Полная версия
В середине апреля

Анастасия Нуштаева
В середине апреля
Пролог
– У нее нет сестры.
– Ну как же! – сказала Леля. – Посмотрите, пожалуйста, внимательно.
Медбрат в сотый раз просмотрел какие-то бумажки, особо в них не вчитываясь. Леля понимала: он делал это показушно, просто чтобы она от него отстала.

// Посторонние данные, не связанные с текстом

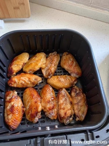 這款炸鍋的功能雖然很多,但是操作起來還是很容易上手的,每一個按鍵都有圖標標記,基本上一看就能明白。第一次使用這款空氣炸鍋我是做的烤翅,炸鍋的受熱過程還是很均勻的,出來的烤翅基本上沒有出現(xiàn)焦糊現(xiàn)象,而且吃起來真的一點不油膩,很焦嫩。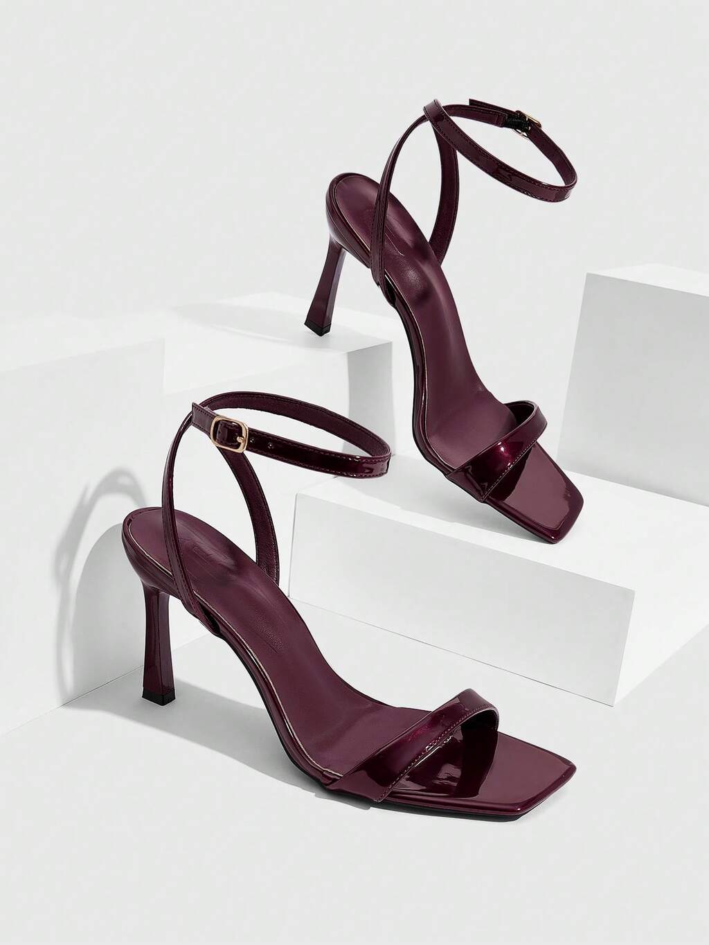 CUCCOO SZL Women Shoes Spring And Summer New Burgundy Mirror Ankle Strap Women's High Heel Sandals Stylish Simple Comfortable Versatile Sexy Party Banquet Women's Sandals Prom Heels

Маленькая голубая шапочка смотрелась на медбрате комично – у него были широкие плечи и мощная нижняя челюсть. Таким пристало людей калечить, а не спасать.
– Нет. Ничего. У нее нет сестры, и никогда не было… Если верить документам. Хотя, не спорю, вы очень похожи.
Леля стискивала зубы до боли. Обычно она себя так не вела, но сейчас ей хотелось закричать, сказать, что медбрат дурак, что Яна ее родная сестра – значит, ей можно зайти к ней в палату. Она почти решилась на это, но тут Сема стукнул ее мохнатым хвостом по ноге. Видно, почуял, что Леля бесится.
Леля дернула ногой. Она думала просто отмахнуться от Семы, но тот вдруг взвизгнул от боли. Леля не чувствовала, что коснулась его, но наклонилась и заговорила:
– Прости-прости-прости, Семочка, я не хотела.
Сема улыбнулся, насколько это могла сделать собака, и лизнул нос Лели. Тут она поняла, что и вправду не ударила Сему. Он слукавил, чтобы Леля отвлеклась.
– Просто скажите, как Яна, – попросила Леля.
Медбрат качнул головой.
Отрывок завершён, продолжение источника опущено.